Material provided Block Start

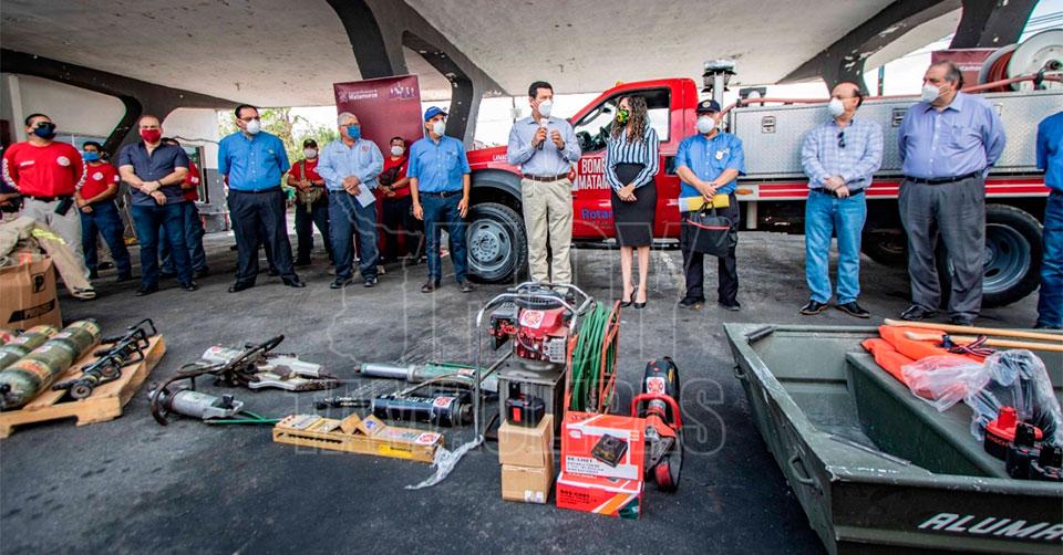 Recibe Mario López donación de equipo para bomberos de Matamoros
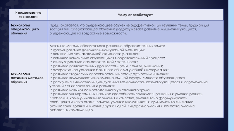 -технология продвинутого образования (углубленное изучение предметов и типична для гимназического, лицейского, специального образования);
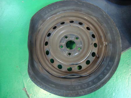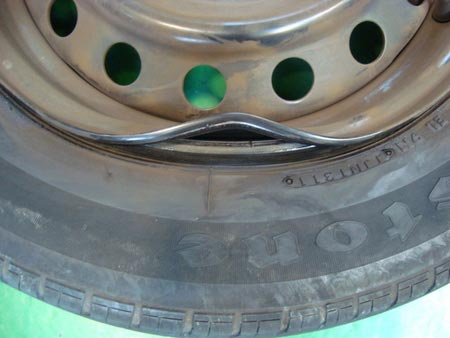 このような状態では、タイヤに空気圧をはることができませんので

Material provided Block End

Repeat the listing word for word, and skip every picture it contains.

Answer space =
 Recibe Mario López donación de equipo para bomberos de Matamoros
 -технология продвинутого образования (углубленное изучение предметов и типична для гимназического, лицейского, специального образования);
 このような状態では、タイヤに空気圧をはることができませんので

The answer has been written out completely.